Not only did Suncor ignore a growing body of climate science over the following decades, according to the lawsuit, the oilsands giant was involved in efforts to “confuse the public and consumers about the risks of alterations to the climate from fossil fuel use, in order to maintain fossil fuel demand and their fossil fuel business.” Suncor is implicated, the plaintiffs argue, through its membership in the American Petroleum Institute, which during the 1980s and 1990s ran and directed the Global Climate Coalition that spent millions of dollars on advertising claiming that fears over global warming were overblown and inaccurate.
Exxon was also involved with the coalition and has spent more than $30 million funding think tanks that question the scientific consensus on climate change, according to calculations from Greenpeace.
Efforts like this seemed to shift public opinion. “In 1992, 88 per cent of Americans believed that global warming was a serious problem, but by 1997 that number had fallen to 42 per cent (with only 28 per cent of Americans thinking immediate action was needed),” the lawsuit reads.

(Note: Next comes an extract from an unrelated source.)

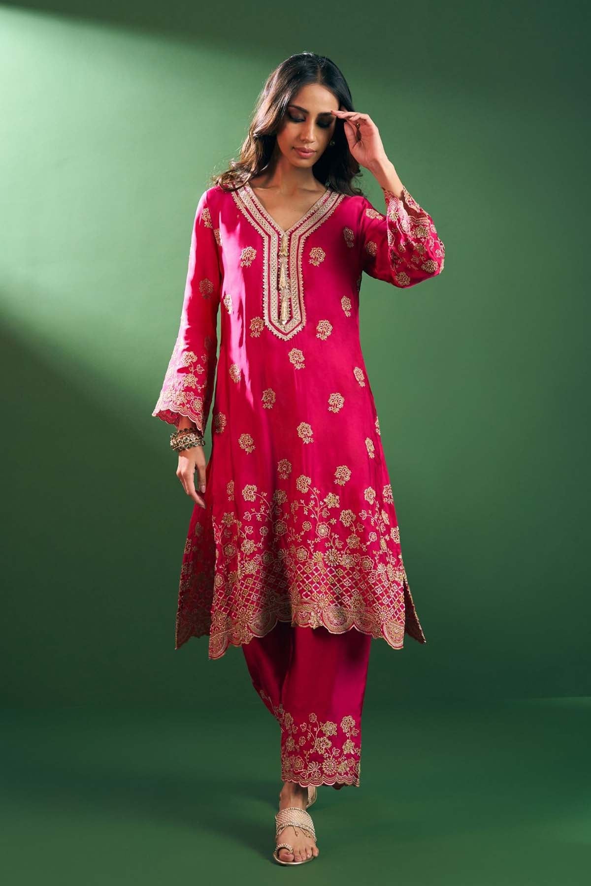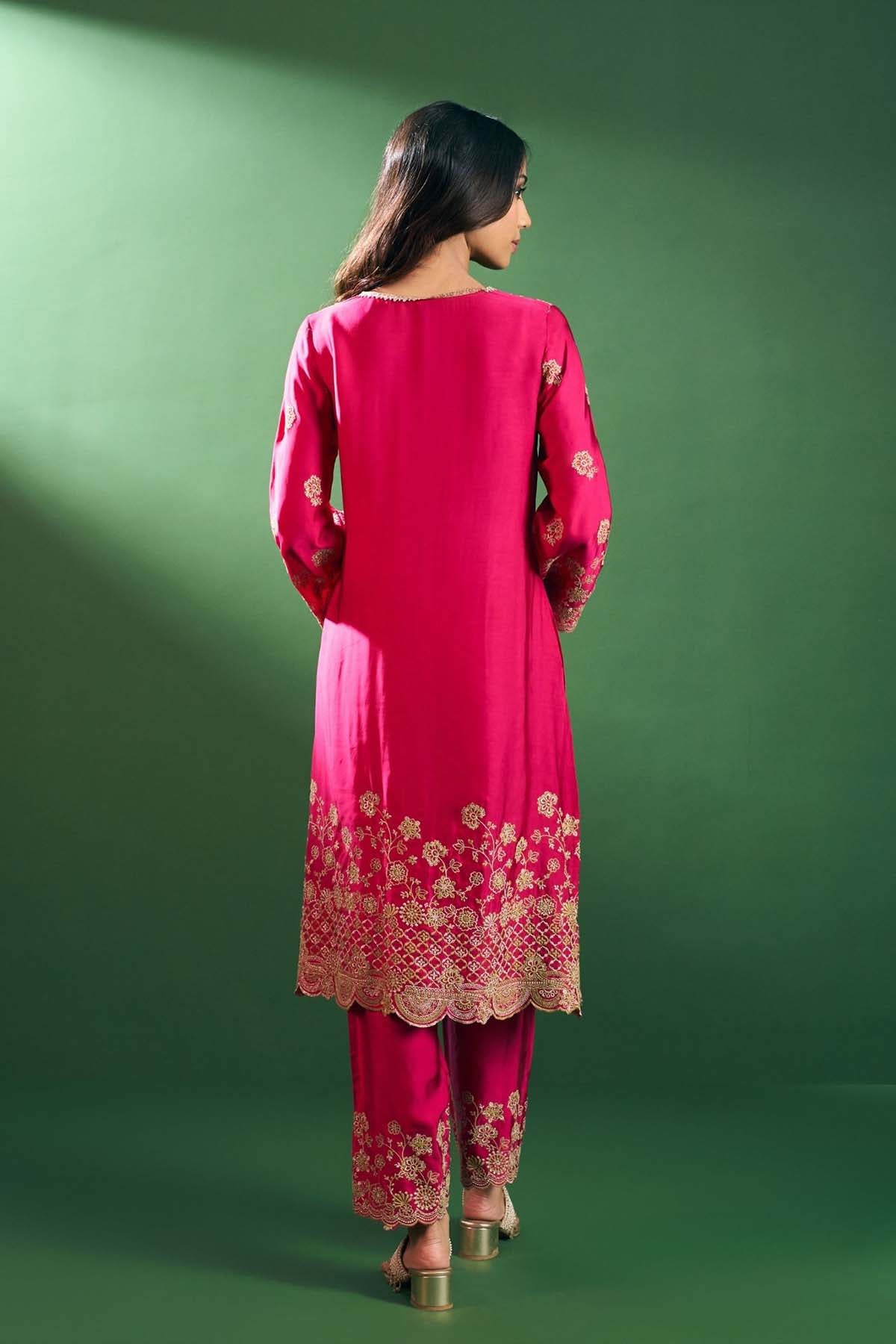 Crafted in lustrous cupro satin, this straight kurta set in fuschia brings a striking festive energy. The kurta is paired with matching satin pants, a look that’s vibrant, refined, and perfect for celebration.. In every size, the top and bottom lengths are an additional half inch.

Simons said that during a June lawsuit hearing in Colorado, Suncor disputed being a member of the American Petroleum Institute. Suncor would not clarify this issue when asked by The Tyee. Reports on the company’s website do not include mention of any membership in the American Petroleum Institute and the industry association’s website doesn’t list Suncor as a member. But a 2016 “Sustainability Report” filed by Suncor describes the oilsands company as “a participant in the development of policy positions and contributes to the outcomes of [American Petroleum Institute] meetings.”

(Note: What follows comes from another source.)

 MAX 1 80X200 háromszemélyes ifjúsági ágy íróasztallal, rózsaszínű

“The reason they’re trying to deny their involvement in API is because they know that being involved in API puts them on the hook for knowledge of climate change and the science behind it dating back decades... and also the climate denial,” Simons alleges.
Though the Colorado lawsuit was filed in 2018, it has been tied up ever since in legal disputes over whether the trial should be heard in state or federal court. Lawyers for Exxon and Suncor are pushing for federal court. This is considered a more favourable venue for the industry because judges there have dismissed climate lawsuits on the grounds that fixing climate change is a job for Congress and the White House and not federal judges.

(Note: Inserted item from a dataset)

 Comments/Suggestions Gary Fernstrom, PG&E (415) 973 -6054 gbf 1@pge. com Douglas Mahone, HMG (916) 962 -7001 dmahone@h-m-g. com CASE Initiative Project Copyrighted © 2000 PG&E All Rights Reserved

But in June, the U.S. Court of Appeals for the Tenth Circuit rejected a challenge from Exxon and Suncor and ruled that the Colorado lawsuit can proceed in state court. If that decision survives an additional legal challenge from the oil companies, then the lawsuit can move into the pre-trial discovery phase, where attorneys for both sides gather documents, witnesses and other evidence to support their arguments. This in itself is a time-consuming process that could take years.
Despite the legal complexities, Bookbinder said, what the plaintiffs are trying to prove for the first time in U.S. court is simple: Leading oil companies knew about the dangers of climate change decades before the general public, made huge profits selling gasoline and diesel while ignoring and concealing the environmental consequences and then passed off the heavy costs of disasters and abnormal weather onto cities like Boulder.
“We’re not trying to stop Suncor and Exxon from selling anything,” he said. “They can produce and market and sell as much as they want. What we’re saying is, the people who are making the fuel and making money off the fuel, have to pay for the problem.”